Callaron al punto los violines y los violones, confesó Froilan al Rey, y salió de la Cámara, después de media hora, acompañado y cortejado de los áulicos hasta la puerta misma del convento de Santo Domingo, y en el patio se encontró á D. Francisco Ronquillo que le aguardaba para cumplimentarle en su nombre y en el de su hermano D. Antonio. Todos procuraron congraciarse con el poder naciente; todos festejaron al afortunado Froilan; en Palacio no habia nadie que no lo creyera repartiendo cargos á unos, destierros á otros, y no faltó quien falsamente, ó mal informado, asegurase ser muchos los decretos que habia en la covachuela.
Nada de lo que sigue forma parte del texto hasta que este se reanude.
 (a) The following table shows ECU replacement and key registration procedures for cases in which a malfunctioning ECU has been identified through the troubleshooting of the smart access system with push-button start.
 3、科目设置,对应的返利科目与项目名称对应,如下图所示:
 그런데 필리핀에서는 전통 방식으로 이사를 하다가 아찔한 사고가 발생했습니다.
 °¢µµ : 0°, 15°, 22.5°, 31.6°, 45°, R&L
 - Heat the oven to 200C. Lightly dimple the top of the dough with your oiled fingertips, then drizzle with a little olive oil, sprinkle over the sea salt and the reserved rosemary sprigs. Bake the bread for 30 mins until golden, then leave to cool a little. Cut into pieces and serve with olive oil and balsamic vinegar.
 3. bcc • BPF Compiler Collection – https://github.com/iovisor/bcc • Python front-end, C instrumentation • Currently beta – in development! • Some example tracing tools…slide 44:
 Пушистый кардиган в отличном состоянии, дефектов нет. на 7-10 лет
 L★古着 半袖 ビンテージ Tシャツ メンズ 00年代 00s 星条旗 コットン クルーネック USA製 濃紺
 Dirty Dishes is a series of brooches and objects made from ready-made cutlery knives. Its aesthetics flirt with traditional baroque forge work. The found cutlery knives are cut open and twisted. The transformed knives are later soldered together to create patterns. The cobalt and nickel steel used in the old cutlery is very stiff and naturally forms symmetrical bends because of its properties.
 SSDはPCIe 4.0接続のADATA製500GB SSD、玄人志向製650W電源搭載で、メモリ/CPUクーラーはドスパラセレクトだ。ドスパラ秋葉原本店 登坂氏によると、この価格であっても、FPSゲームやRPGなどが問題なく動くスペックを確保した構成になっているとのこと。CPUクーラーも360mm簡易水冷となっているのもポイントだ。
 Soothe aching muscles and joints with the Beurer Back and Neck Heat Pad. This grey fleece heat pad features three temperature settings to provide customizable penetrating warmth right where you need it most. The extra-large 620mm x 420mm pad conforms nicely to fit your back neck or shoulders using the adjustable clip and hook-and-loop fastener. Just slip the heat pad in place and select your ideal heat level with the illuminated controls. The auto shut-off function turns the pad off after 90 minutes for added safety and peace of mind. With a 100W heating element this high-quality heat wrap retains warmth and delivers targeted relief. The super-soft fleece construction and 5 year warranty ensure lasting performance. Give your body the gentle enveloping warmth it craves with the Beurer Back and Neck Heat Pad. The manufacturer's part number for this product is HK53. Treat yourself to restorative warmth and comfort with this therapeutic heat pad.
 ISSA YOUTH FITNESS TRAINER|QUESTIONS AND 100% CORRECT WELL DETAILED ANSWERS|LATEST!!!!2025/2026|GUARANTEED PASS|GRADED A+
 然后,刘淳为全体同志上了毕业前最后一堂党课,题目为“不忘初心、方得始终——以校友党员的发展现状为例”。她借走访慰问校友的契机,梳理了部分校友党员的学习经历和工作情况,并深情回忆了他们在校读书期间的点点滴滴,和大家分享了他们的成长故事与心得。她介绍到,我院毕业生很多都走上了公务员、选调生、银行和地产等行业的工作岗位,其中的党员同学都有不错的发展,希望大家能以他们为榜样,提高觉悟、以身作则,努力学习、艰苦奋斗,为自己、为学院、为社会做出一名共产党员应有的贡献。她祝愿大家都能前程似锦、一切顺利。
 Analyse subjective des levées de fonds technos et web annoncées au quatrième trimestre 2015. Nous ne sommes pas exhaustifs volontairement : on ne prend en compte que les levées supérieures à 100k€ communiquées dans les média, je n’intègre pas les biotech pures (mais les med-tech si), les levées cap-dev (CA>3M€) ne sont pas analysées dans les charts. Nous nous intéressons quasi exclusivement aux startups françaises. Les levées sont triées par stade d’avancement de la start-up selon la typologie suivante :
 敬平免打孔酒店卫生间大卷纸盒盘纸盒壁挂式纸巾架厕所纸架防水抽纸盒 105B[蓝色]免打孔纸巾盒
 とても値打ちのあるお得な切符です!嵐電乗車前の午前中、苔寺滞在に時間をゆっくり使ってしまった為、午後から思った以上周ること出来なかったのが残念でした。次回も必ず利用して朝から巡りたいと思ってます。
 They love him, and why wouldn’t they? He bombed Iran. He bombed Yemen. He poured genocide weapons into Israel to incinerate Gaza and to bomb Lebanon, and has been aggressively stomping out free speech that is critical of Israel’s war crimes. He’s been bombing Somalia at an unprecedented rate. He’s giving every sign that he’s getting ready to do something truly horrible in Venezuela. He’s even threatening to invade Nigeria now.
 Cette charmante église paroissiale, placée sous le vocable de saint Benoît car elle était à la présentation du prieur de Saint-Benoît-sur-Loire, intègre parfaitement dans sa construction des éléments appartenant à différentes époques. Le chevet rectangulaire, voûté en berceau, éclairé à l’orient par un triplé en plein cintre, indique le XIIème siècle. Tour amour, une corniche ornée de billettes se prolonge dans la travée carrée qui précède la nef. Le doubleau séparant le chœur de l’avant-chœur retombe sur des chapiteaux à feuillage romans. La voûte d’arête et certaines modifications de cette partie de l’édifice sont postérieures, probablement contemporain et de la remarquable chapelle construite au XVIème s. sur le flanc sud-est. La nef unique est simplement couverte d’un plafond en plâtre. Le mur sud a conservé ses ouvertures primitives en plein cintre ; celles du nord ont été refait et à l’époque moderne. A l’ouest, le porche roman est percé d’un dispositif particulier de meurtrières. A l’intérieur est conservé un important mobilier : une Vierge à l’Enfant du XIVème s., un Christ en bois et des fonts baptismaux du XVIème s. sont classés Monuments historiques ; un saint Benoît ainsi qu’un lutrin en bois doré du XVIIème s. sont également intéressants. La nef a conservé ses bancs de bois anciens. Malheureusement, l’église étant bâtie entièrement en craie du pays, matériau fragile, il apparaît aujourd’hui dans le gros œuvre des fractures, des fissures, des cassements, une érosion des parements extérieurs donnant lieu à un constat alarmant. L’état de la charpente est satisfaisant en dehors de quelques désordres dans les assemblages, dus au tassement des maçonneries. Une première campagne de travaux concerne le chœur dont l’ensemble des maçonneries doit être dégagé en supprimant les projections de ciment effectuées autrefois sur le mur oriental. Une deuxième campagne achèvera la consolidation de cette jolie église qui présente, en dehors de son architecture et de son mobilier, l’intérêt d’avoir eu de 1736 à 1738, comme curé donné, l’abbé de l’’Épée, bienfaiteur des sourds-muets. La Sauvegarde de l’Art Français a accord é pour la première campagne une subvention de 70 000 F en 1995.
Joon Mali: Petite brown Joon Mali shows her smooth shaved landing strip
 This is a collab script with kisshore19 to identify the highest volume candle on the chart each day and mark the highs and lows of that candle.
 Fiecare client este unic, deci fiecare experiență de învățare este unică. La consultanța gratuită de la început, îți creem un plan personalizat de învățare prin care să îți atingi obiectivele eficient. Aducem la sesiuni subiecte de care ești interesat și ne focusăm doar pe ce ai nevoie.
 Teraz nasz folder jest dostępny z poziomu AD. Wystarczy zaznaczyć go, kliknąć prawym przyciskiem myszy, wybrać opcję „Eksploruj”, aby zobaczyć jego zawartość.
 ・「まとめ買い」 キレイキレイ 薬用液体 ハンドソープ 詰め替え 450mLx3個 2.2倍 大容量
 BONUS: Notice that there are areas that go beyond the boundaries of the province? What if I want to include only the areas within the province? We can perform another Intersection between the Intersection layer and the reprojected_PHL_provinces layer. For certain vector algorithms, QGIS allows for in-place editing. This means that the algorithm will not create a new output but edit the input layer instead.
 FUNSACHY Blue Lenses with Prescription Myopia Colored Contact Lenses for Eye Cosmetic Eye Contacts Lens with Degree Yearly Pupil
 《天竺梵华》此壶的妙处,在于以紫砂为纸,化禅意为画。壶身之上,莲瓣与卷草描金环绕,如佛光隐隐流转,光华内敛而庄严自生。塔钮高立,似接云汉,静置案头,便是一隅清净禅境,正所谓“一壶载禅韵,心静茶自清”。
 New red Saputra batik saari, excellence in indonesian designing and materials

La verdad es que el cambio aún fué más trascendental, que con él se dio el golpe de muerte á la Reina y á su partido, y él decidió por siglos de los destinos de España. El partido francés triunfaba con Froilan, y entre tanto, en una celda del convento del Rosario, de pena ó de despecho, moria Pedro Matilla, que fué hasta allí, como se dijo en su epitafio, el eje y móvil primero de la Monarquía.

Esto no es novela: esto es historia: Cosas de España, como dice su epígrafe.


Zacarías J. Casaval.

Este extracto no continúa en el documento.